I cannot wait to share this book with my friends and family. Laura Hall does a fantastic job tying the horror genre to colonization!

The book sets before it an impossible task and almost manages it. The author is not here to describe settler colonialism in horror; they are here to argue that settler colonialism is horror. Not in the obvious sense, but in the sense that horror - horror film - as a genre in North America is itself a manifestation of the popular feelings on the Indigenous.
Does it work? Better than I thought it would. The book considers different horror films and series, and how they work to enforce or struggle through the 'civ/sav' binary, with a particular emphasis on the 'Final Girl' trope and its relation to power and violence in the fears of the majority.
The interpretations are often contradictory. Horror writ large is a genre about the monster and the mixture of fear and desire that exists towards it, including using genre as a means to get subversive or heterodox material into cultural production. Here, the same work can be looked at as demanding the awfulness of North American history as it can be to dismissing it.
The book particularly shines in providing a good critical overview of its subjects, building its own analysis on top of it. However, this leads to the book's major weakness. Not all movies are as good a fit, and at points the book turns Procrustean in treating the Indigenous as the only true Other, of which all other others are a subset. Thus, some of the chapters in the middle in particular get tenuous.
I love a polemic, but to break out this tone patrol badge, late in the book the language walks past aggrieved and into derisive (particularly including goes at sarcasm, which is never a good sell in writing). It is unfortunate because author clearly wants to save the best for last, and the works that they have the most strong feelings about, good and bad.
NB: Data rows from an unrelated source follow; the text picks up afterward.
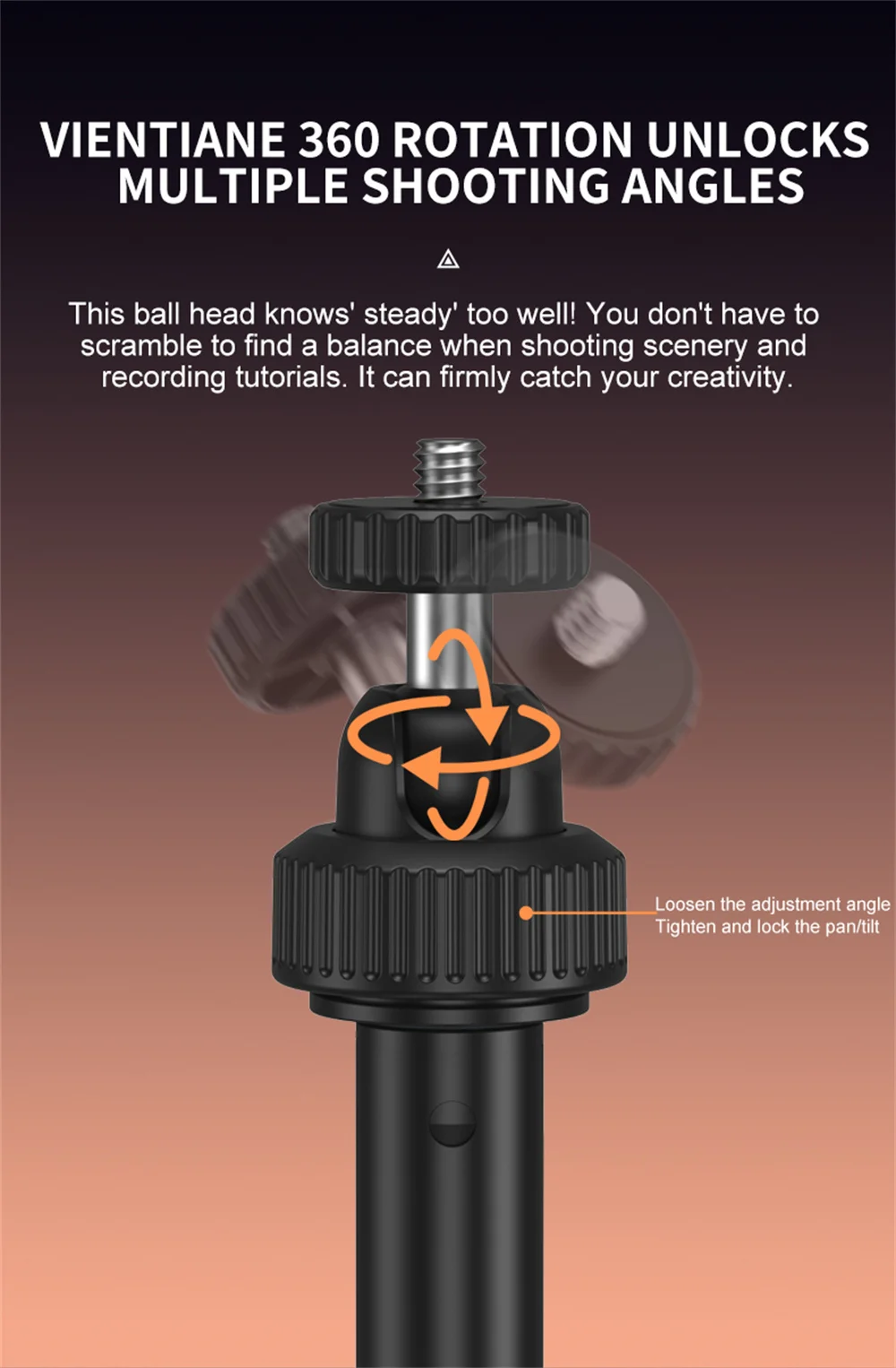 Experimente la libertad de disparar en múltiples ángulos con el 360° rótula de rotación y altura de cinco segmentos.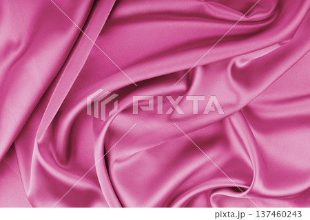 Crumpled, wrinkled pink colored glossy silk satin texture. Shiny fabric cloth with wave folds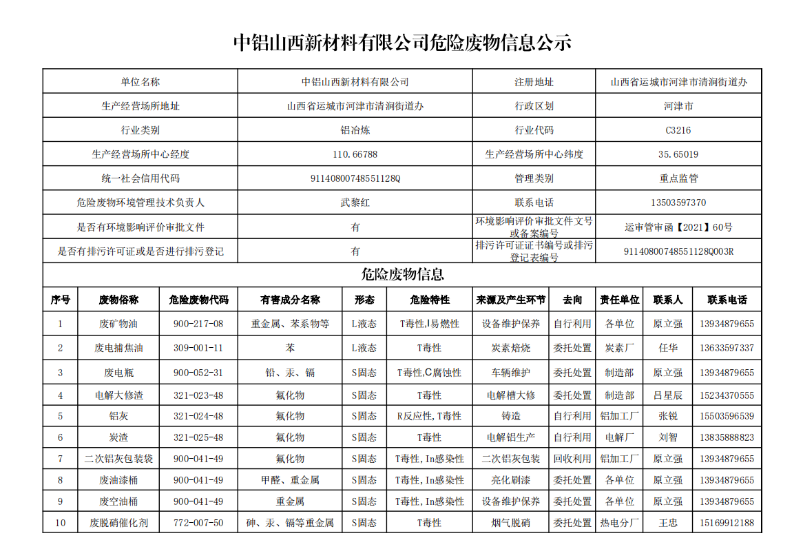 中鋁山西新材料有限公司危險(xiǎn)廢物信息公示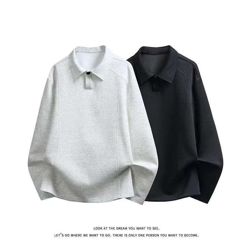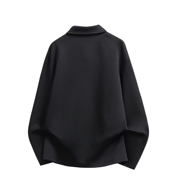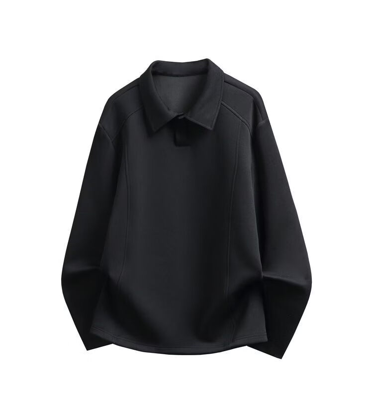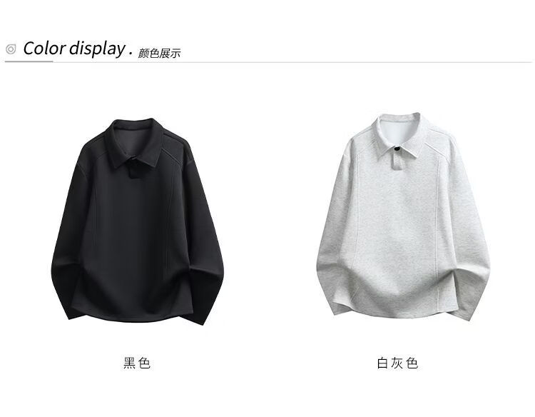 PANMAX men's simple solid color loose casual bottoming pullover top trendy new lapel T-shirt bottoming shirt black M recommended 95-115Jin Jin equals 0.5 kg

It is fun personality that adds to the weight of the work through most of the book, but there it starts to backfire in it making the argument read weaker in being more defensive.
Still, the utility here is intense, both in its overview of different genre interpretations and in its critical framework.
My thanks to the author, Laura Hall, for writing the book, and to the publisher, University of Regina Press, for making the ARC available to me.